● **Task**:
The whole listing below is to be copied exactly, with every picture left out.

● **Dataset excerpt**:
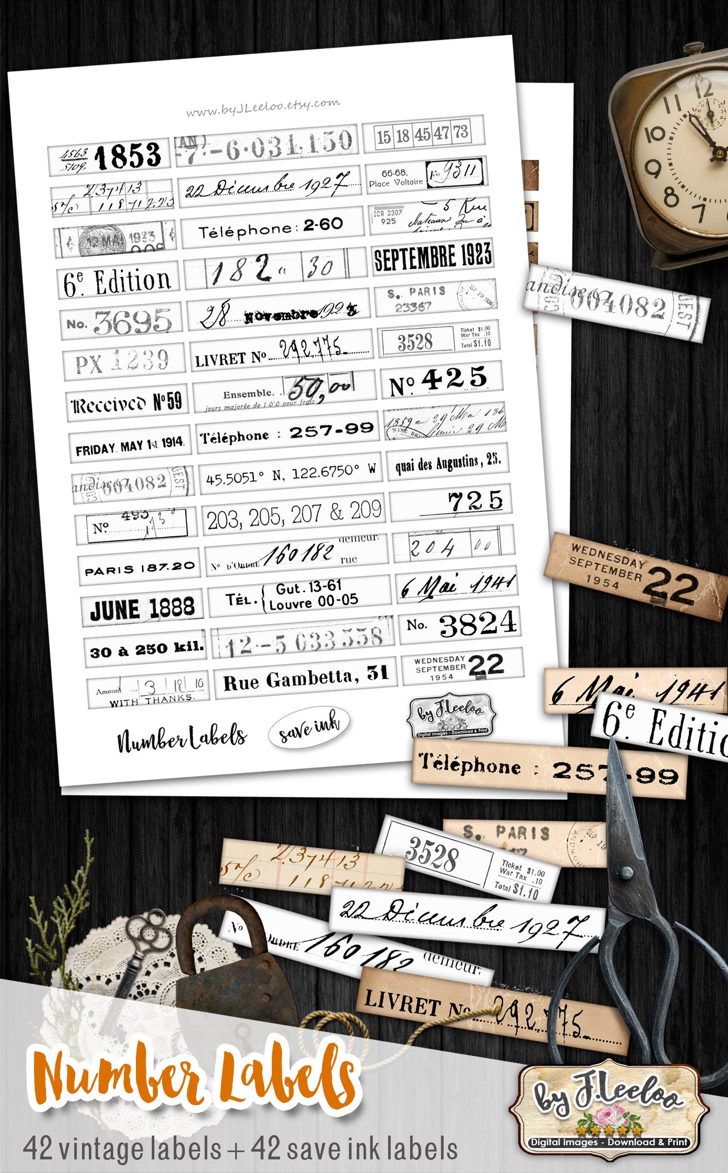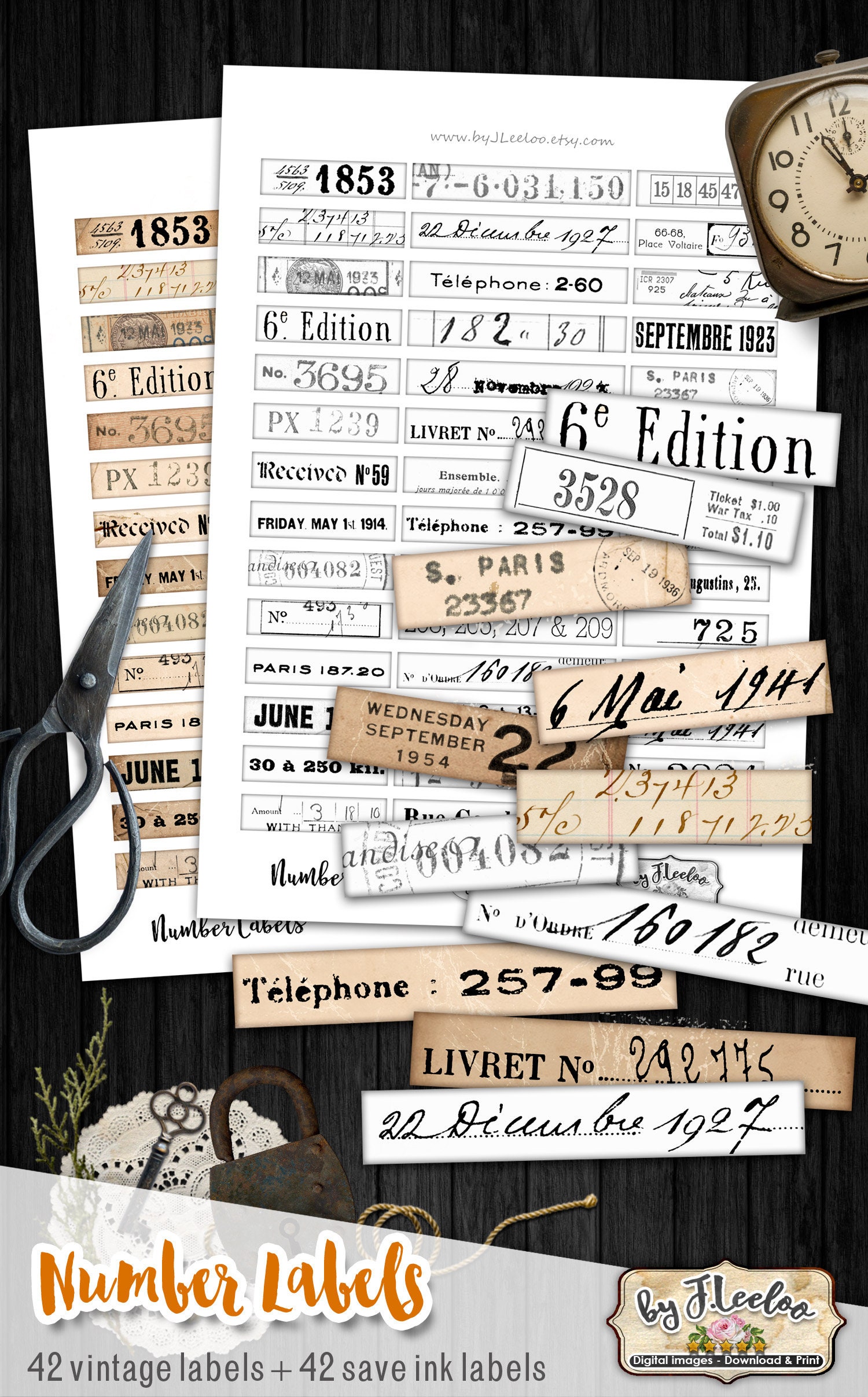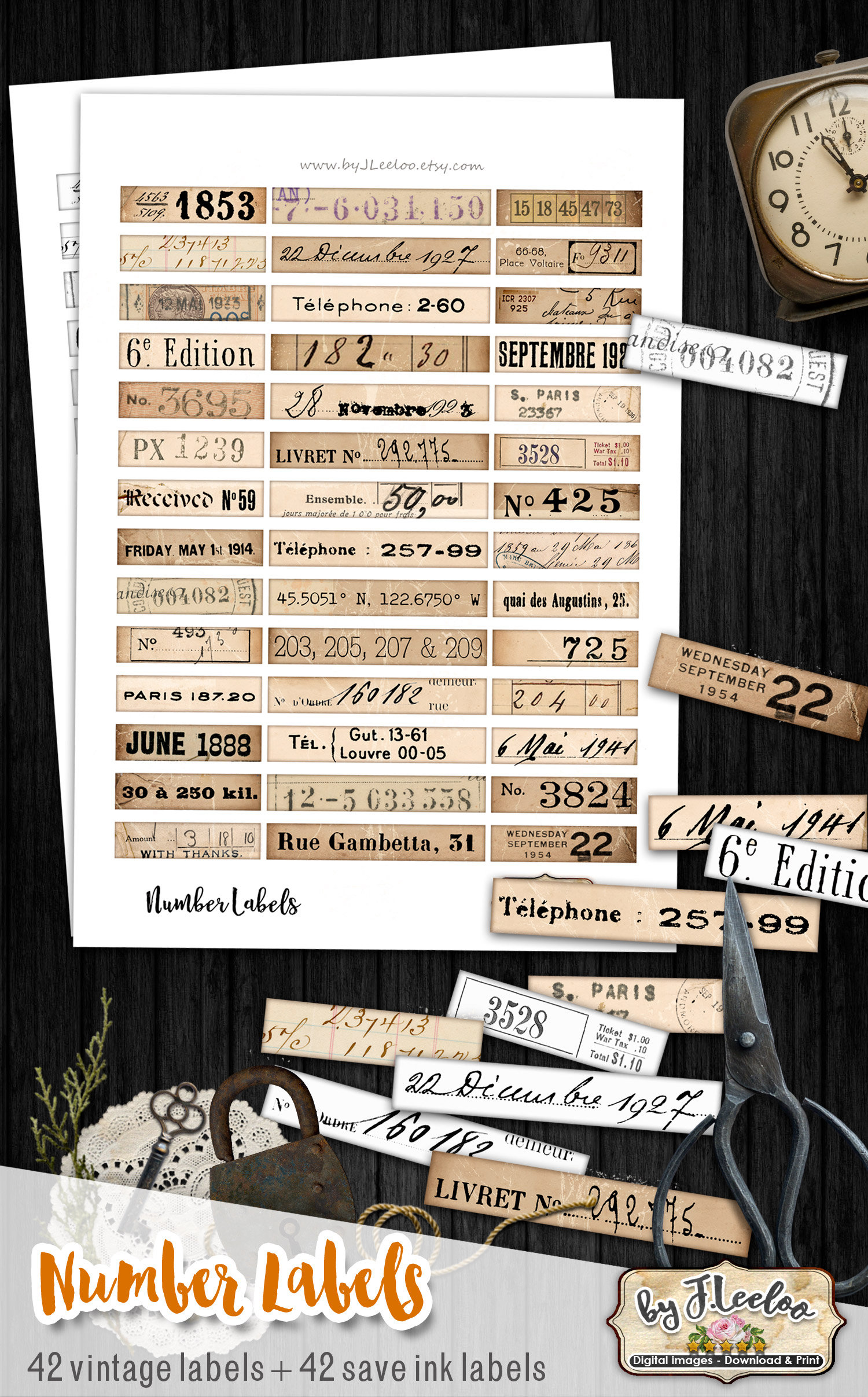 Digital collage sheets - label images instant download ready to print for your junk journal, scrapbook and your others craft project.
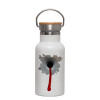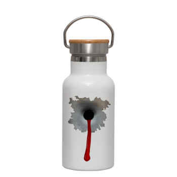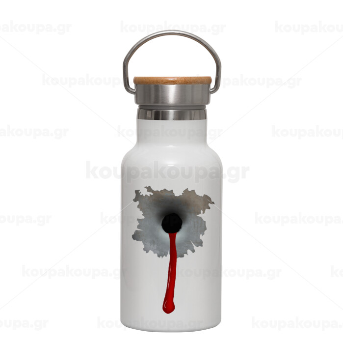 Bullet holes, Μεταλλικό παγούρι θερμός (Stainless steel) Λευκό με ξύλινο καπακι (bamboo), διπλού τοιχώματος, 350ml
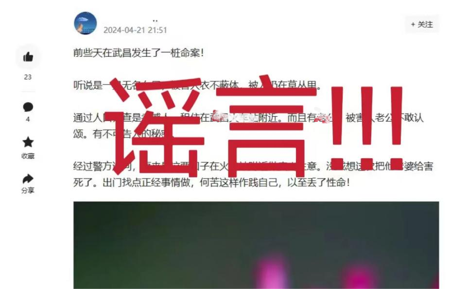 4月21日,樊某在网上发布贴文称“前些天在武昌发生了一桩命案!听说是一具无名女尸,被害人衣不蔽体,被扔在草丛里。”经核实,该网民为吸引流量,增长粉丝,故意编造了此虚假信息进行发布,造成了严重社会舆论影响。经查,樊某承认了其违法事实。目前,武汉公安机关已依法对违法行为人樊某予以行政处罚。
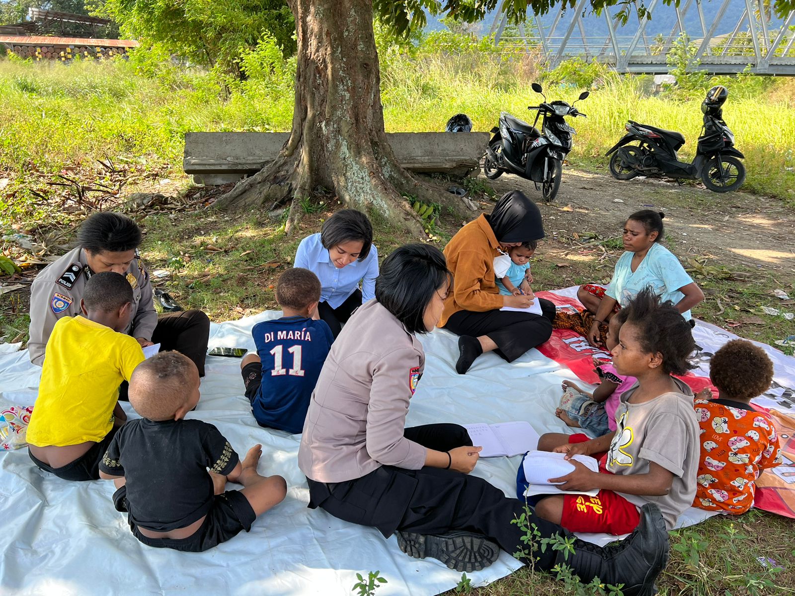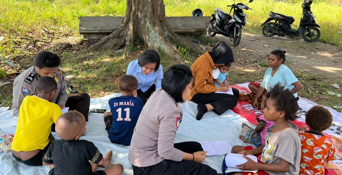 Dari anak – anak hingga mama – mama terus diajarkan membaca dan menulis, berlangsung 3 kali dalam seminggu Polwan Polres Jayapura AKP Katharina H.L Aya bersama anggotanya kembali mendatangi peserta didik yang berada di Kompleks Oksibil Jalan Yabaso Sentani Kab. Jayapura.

● **Answer to this exercise**:
 Digital collage sheets - label images instant download ready to print for your junk journal, scrapbook and your others craft project.
 Bullet holes, Μεταλλικό παγούρι θερμός (Stainless steel) Λευκό με ξύλινο καπακι (bamboo), διπλού τοιχώματος, 350ml
 4月21日,樊某在网上发布贴文称“前些天在武昌发生了一桩命案!听说是一具无名女尸,被害人衣不蔽体,被扔在草丛里。”经核实,该网民为吸引流量,增长粉丝,故意编造了此虚假信息进行发布,造成了严重社会舆论影响。经查,樊某承认了其违法事实。目前,武汉公安机关已依法对违法行为人樊某予以行政处罚。
 Dari anak – anak hingga mama – mama terus diajarkan membaca dan menulis, berlangsung 3 kali dalam seminggu Polwan Polres Jayapura AKP Katharina H.L Aya bersama anggotanya kembali mendatangi peserta didik yang berada di Kompleks Oksibil Jalan Yabaso Sentani Kab. Jayapura.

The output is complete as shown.